In the course of this review I will argue that Geary while addressing some of the criticisms (part of them in a satisfying way) he is omitting a number of several reasonable criticisms. I will then move on to my general impression that the second part of Geary’s reply where he tries to advance his theory might be interesting in itself, but regarding the main purpose of a reply I did not really detect the connection to the initial hypothesis.

All in all – in my impression – this was less reply than rather a new target article and I generally wished that Geary took more effort to address the very reasonable points raised by the reviewers.

 

In the following I will only point out what in my view were the most serious criticisms of Geary’s hypothesis and whether and how they were addressed in Geary’s reply (note that this list is not exhaustive).

 

• Commentary by R.J. Sternberg

 

Sternberg in his commentary raised a most central point regarding any new theory on the biological basis of human intelligence (and of course other individual differences variables as well), namely that the differences in the suggested mechanism “are actually causal, at a meaningful level of individual or developmental differences in intelligence” (p. 1). The author has addressed this criticism (lines 140ff.) very shortly without going much into details.

 

The second central criticism of Sternberg is that Geary failed to present solid evidence that the mitochondrial functioning is the cause of individual differences in intelligence for a given chronological age. As correctly pointed out by Sternberg, the reasons for the ontogenetic variation in intelligence might be quite different than those for a variation within a certain age group. In intelligence research we know for example the ontogenetic development of speed of information (SIP) processing can explain the development of g with age much better than SIP can explain g-variation within an age group. Maybe I missed something but I did not find this point properly addressed in Geary’s reply.

 

• Commentary by Savi et al.

 

The most central point in Savi’s reply to me seems assumption 3 “ceilings ≠ ceiling effects”. As Savi et al. argue this is a very strict assumption. It is not clear whether the relationship between energy in the brain and intelligence is in fact a linear one or whether at some level there might be threshold (e.g. like some scholars assume for the intelligence x creativity relation).

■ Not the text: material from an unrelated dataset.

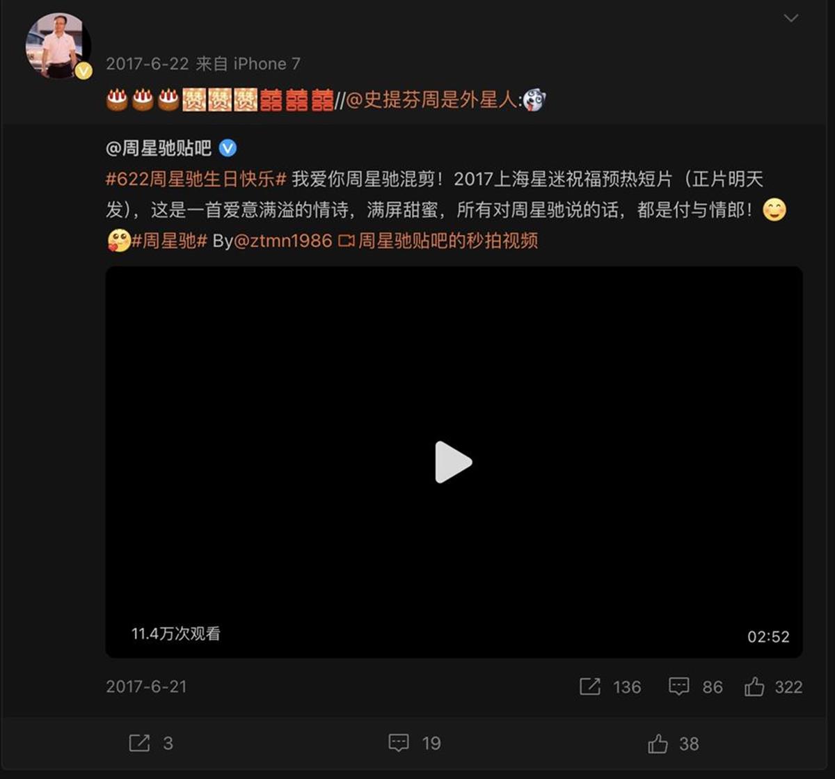 极目新闻记者注意到,郑某峰只发了140多条微博,绝大部分是关于《美人鱼》和《西游伏妖篇》的。他只关注了三个账号,分别是上述两部电影的微博,以及周星驰相关的一个账号。2016年和2017年,他两次发微博祝周星驰生日快乐。在微博的简介当中,他自称是广告拍摄专家,周星驰拍档。西游系列电影出品人,《猪八戒传说》电影编剧、导演、制片人。

One plausible explanation for example for the well-known Flynn effect is that the secular increase in intelligence throughout the 20^th century was the availability of necessary nutrients for which there was a scarcity in the times of world war 1 and 2 (and the period between and 1 to 2 decades after); and the fact that the Flynn effect leveled off from 2000 on was also explained by the fact that from 1980, 1990s on most people are supplied with the relevant nutrients. Further improvement in nutrition might not necessarily have a further enhancing effect regarding an improvement in intelligence. Again, I did not find the point “ceilings ≠ ceiling effects” addressed in Geary’s reply.

 

• Commentary by Stankov

 

Stankov’s main criticism is about the “weakness of g” which he estimates at about 35 percent of common variance; and that in reality g is not a strong as Geary has assumed.

Here, I am with Geary and think that the estimates that he applied correspond well to the literature and his reply to Stankov addresses this criticism satisfactorily.

 

• Commentary by Matzel et al.

 

The most central point of Matzel’s commentary seems to me the reference to alternative proposals to explain g, namely van der Maas’ mutualism theory, the gene-environment multiplier theory by Dickens and Flynn, the process-overlap theory by Kovacs and Conway and the network model of intraindividual growth by Savi et al.

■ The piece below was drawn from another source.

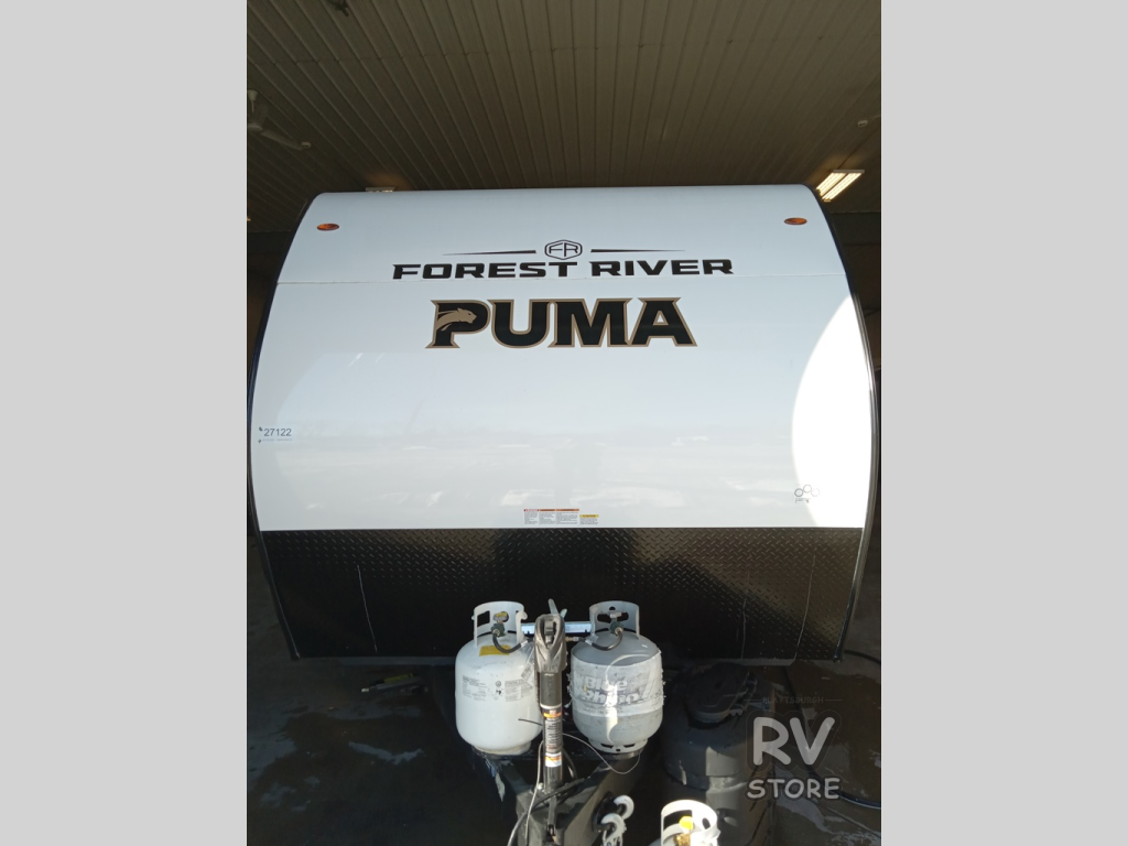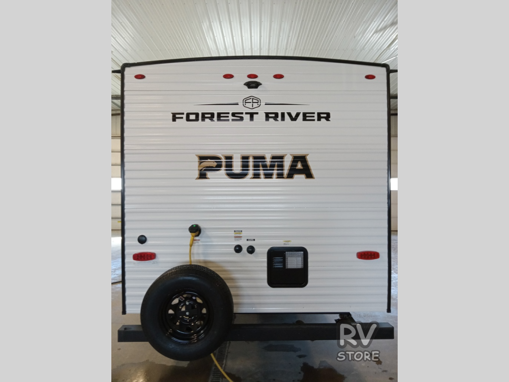 The Puma Camping Edition by Forest River offer an affordable travel trailer for rookie campers or seasoned RVers! They are built with 5/8" tongue and groove plywood flooring and a front diamond plate for added protection. There are also exterior magnetic baggage door latches, back up camera prep, a battery disconnect. Head inside to find Thermofoil countertops with a smooth drop edge, bedroom USB ports and outlets, and pleated shades in the living room.

Again, apart from a very short attempt of explanation in lines 98-105 of Geary’s reply I would like to see more how Geary would reconcile his mitochondria hypothesis with these – partially quite influential - alternative and multifactorial explanations of g.

 

• Commentary by Ujma and Kovacs

 

A psychometric perspective is brought to the scene by Ujma and Kovacs. They point out that an important missing piece in Geary’s theory is an explanation why differences between g loadings of intelligence subtests “might depend on the relative involvement of mitochondrial function or energy”. Here, Geary argues that gf tasks are generally more difficult and therefore energy-consuming than gc tasks.

I would agree with Ujma and Kovacs’ criticism that Geary’s explanation (tasks with stronger g loadings are the result of these tasks higher energy requirement) is tautological.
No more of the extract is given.